- Born: 22 May 1911 Najibabad
- Died: 27 October 1977 (aged 66)
- Occupations: Industrialist and Philanthropist
- Years active: 1944–1977
- Spouse: RamaRani Jain
- Children: Ashok Kumar Jain Alok Jain Manoj Jain Alka Jain
- Family: Shreyans Prasad Jain Sahu Ramesh Chandra Jain

= Sahu Shanti Prasad Jain =

Indian businessman (1911–1977)

Sahu Shanti Prasad Jain was an Indian industrialist and philanthropist. He was the son-in-law of Ramkrishna Dalmia and former chairman of Bennett, Coleman. His family, Sahu Jains, owns the Times of India newspaper group.

==Early age and education==
He was born in the Sahu Jain Family at Najibabad in what is now Uttar Pradesh on 22 May 1911.

==Career==
He founded Bharatiya Jnanpith on 18 February 1944 at the suggestion of many scholars who had gathered at Varanasi for the All India Oriental Conference. Since 1965 Bharatiya Jnanpith has been awarding an annual literary award, the Jnanpith Award, for the best creative Indian literary work of a specified period.

===Bennett Coleman===
In 1947, Ramkrishna Dalmia engineered the acquisition of Bennett, Coleman by transferring moneys from a bank and an insurance company of which he was the Chairman. In 1955, this came to the attention of the socialist parliamentarian Feroze Gandhi who was part of the ruling Congress party headed by his estranged father-in-law Jawaharlal Nehru. In December 1955, he raised the matter in parliament, documenting extensively the various fund transfers and intermediaries through which the acquisition had been financed. The case was investigated by the Vivian Bose Commission of Inquiry.

In the court case that followed, where Dalmia was represented by the leading British attorney Sir Dingle Mackintosh Foot, he was sentenced to two years in Tihar Jail. Upon his release, Ramkrishna approached his son-in-law Sahu Shanti Prasad Jain to whom he had entrusted running of Bennett, Coleman & Co. Ltd for taking back the command. But Sahu rebuffed Ramkrishna's efforts to resume command of the company.
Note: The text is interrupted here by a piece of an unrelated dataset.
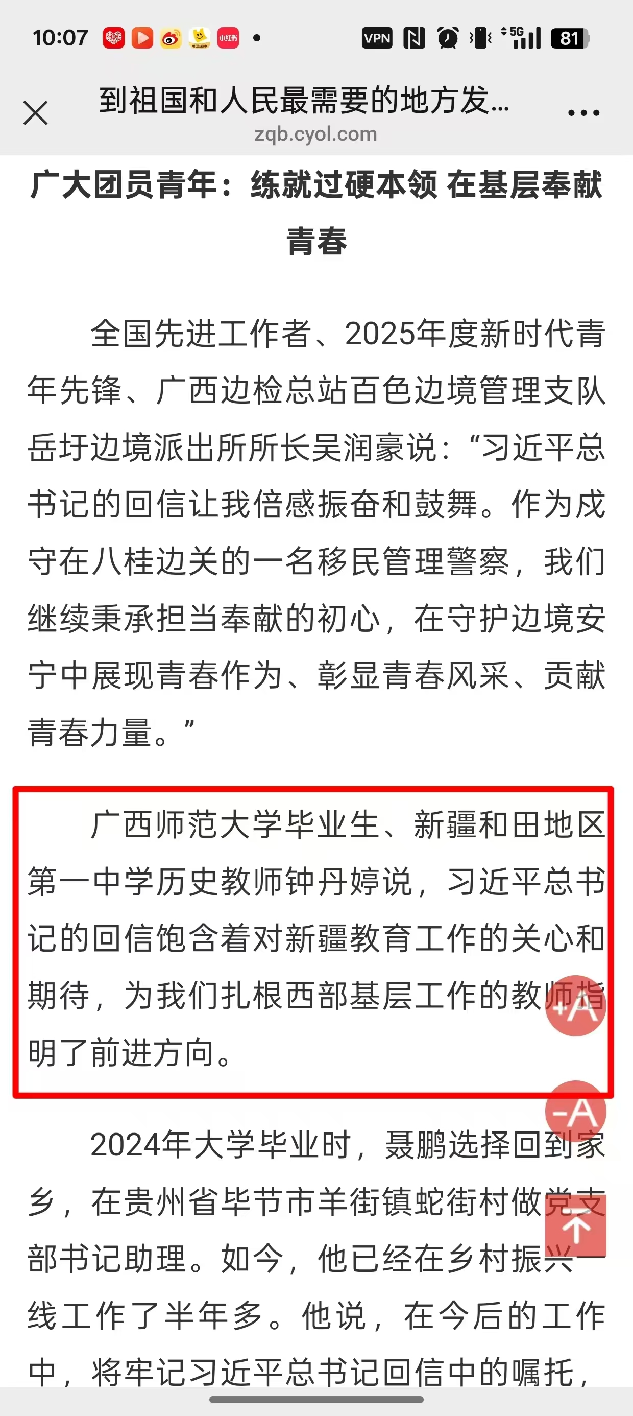 广西师范大学毕业生、新疆和田地区第一中学历史教师钟丹婷说,习近平总书记的回信饱含着对新疆教育工作的关心和期待,为我们扎根西部基层工作的教师指明了前进方向。
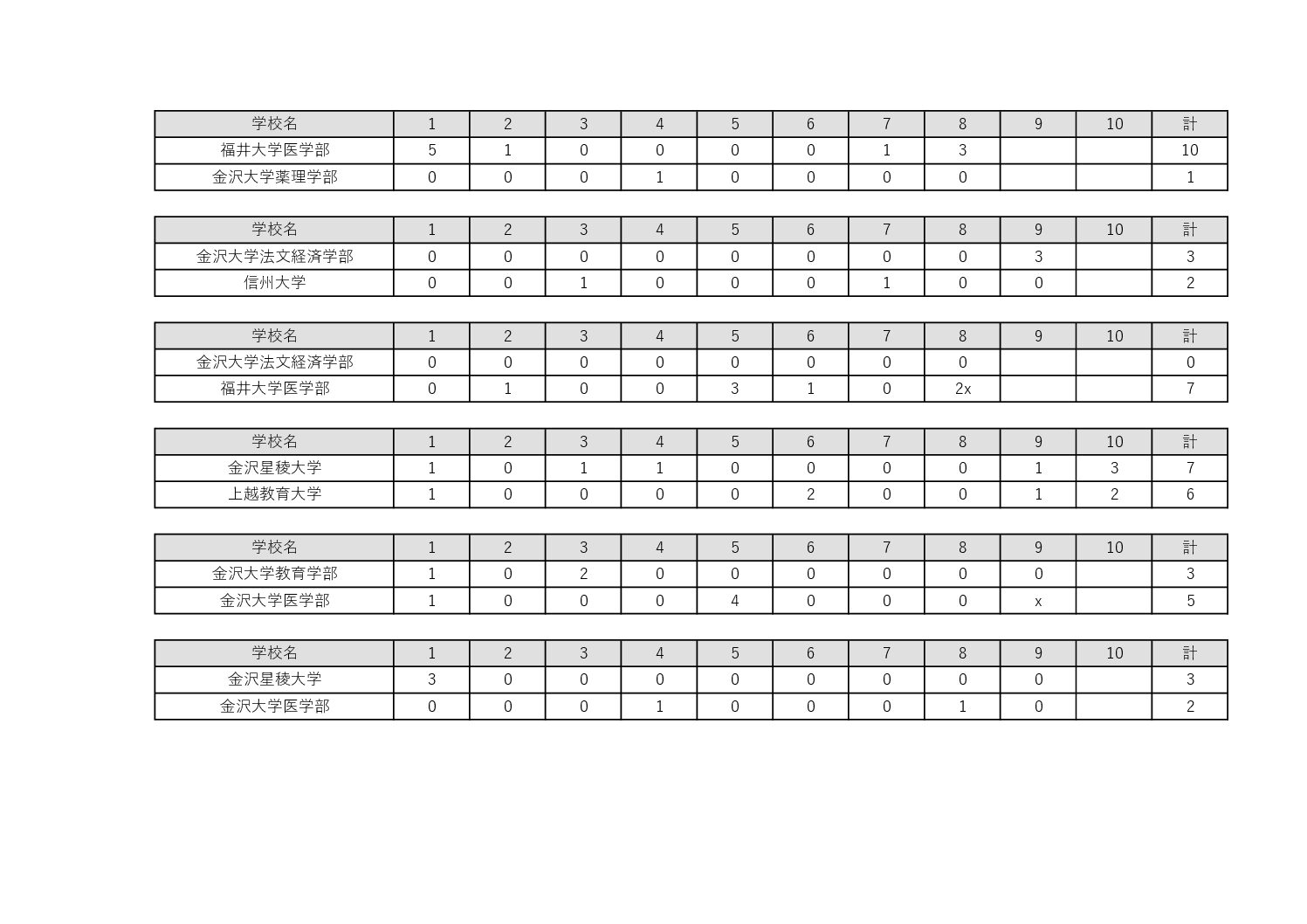 試合詳細はリンク先をご確認ください 〇金沢市民球場 第1試合(準々決勝) 福井大学医学部 10-1(8回コールド) 金沢大学薬理学部 第2試合(準々決勝) 金沢大学法文経国際学部 3-2 信州大学 第3試合(準決勝) 金 …

==FERA violation charges==
During Nehru's regime, the trade with other countries and the foreign currencies were strictly regulated. Jain was caught, and subsequently arrested, at Palam airport (in latter day Delhi) for bringing in foreign currency. The event was blacked out by the Times of India, even though other newspapers carried the story.

==Legacy==
He died on 27 October 1977, two years after the death of his wife. His work was continued by his brother Shreyans Prasad Jain and his son Ashok Kumar Jain. Today, the Times Group that runs Bennett, Coleman & Co. Ltd. is a large media empire, and is managed by his descendants.